El tiempo detenido en este invierno fue la ocasión para los que habitamos zonas rurales de descubrir paisajes y rincones desconocidos, de hacer rutas señalizadas al lado del pueblo. De apreciar el entorno a paso lento, disfrutando de lo mucho que ofrece la naturaleza aún en invierno. Caminos transitados repetidamente en estos días largos en el pueblo de Ordes, compuesto de parroquias con aldeas tranquilas: Buscás, Vilaverde, Poulo, Mañufe,…Y rutas de senderismo señalizadas como el Sendero de San Paio y Outeiro o la Ruta del río Mercurín. En Ordes también es posible hacer una ruta por los murales y graffitis de la villa, fruto del Festival Desordes Creativas, que tiene lugar todos los veranos, otra forma de hacer turismo. También la cercana localidad de Carballo se distingue por su ruta de los murales de arte urbano, que visitamos también este invierno.

Invierno en Galicia, confinamiento. Paseos por la naturaleza

Los días de mayor apertura coincidieron en ocasiones con días de intensos granizos mientras nevaba en el resto de España. Lo que nos nos impidió explorar un pedazo de la Costa da Morte, desde Malpica, con las islas Sisargas en frente; pasando por la localidad de Ponteceso, donde subimos al Mirador de Monte blanco, que nos regaló panorámicas privilegiadas de la ría de Corme y Laxe. Y terminamos en los acantilados del Roncudo, en el faro de Corme, donde se encuentran a duras penas los mariscadores del lugar los percebes más conocidos de A Costa da Morte. En toda esta ruta por la costa que iniciamos desde el interior de la provincia de A Coruña, una parada en Buño, tierra de ceramistas y cerámica.

También hubo días azules de invierno, con esa luz baja, en los que te abrigas y sales a pasear. Como cuando hicimos la Ruta por la Costa Doce, en Sada, descubriendo un pedazo de las Mariñas Coruñesas, Reserva de la Biosfera. Siempre al lado de la Ría de Betanzos, que nos regaló auténticas postales de las Rías Altas.
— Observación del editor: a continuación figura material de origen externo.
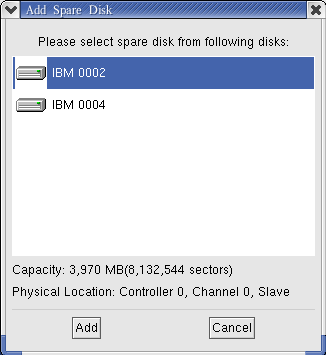 If the Mirror array has no Spare disk yet, an Add Spare Disk dialog will then appear:
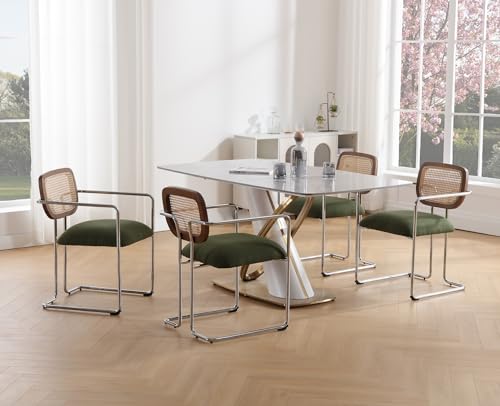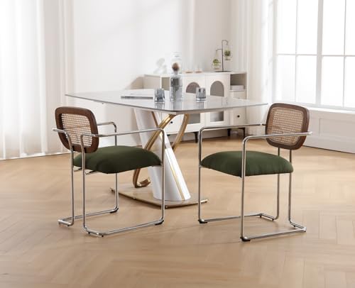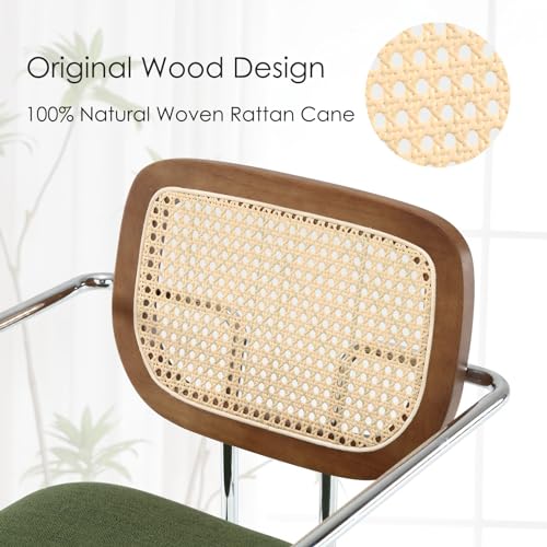 Wahson Sillas de Comedor Moderna Juego de 2 Sillas de Cocina con Patas Aceros,Sillas de Salón Respaldo de Ratán con Reposabrazos para Hogar/Restaurante,Verde Lino

Se acerca la primavera…momentos de apertura muy bien disfrutados

O como cuando exploramos el interior de la provincia de A Coruña, llegando a la localidad de Arzúa, tierra del famoso queso, pero también de una cascada espectacular: la Fervenza das Hortas. Y desde allí, a Sobrado dos Monxes, con su magnífico monasterio y su laguna, que invita también al paseo. O el día que fuimos hacia el sur de Galicia, a Rianxo, en las Rías Baixas, a descubrir su patrimonio, el casco antiguo, el pescado y playas de arena fina a las que se llega tras atravesar pequeñas aldeas, y que nos ofrecen bonitas panorámicas de la Ría de Arousa.

Mar, campo, ciudad

Recién estrenada la primavera, cuando ya los grelos están en flor, las camelias, las magnolias y los frutales empiezan a florecer, los prados se llenan de florecillas silvestres lilas, blancas y amarillas, la mejora de las condiciones nos abre de nuevo las puertas a las grandes ciudades de Galicia. Todavía no recuperaron el ambiente anterior a la pandemia, pero así también son bellas, y siempre es un placer pasear por las calles empedradas de Santiago de Compostela, entrar en la catedral casi vacía. En Vigo pasear por la playa de Samil, llegar al barrio marinero de Bouzas o pasear por el casco antiguo. Y en Coruña, atravesar una Calle Real casi vacía, con sus bonitos edificios hasta llegar a la plaza de María Pita, comprar algo en el Mercado de San Agustín y pasear hasta la Marina, con sus bellas fachadas de galerías, tan bonitas  y luminosas como las de Betanzos de los Caballeros.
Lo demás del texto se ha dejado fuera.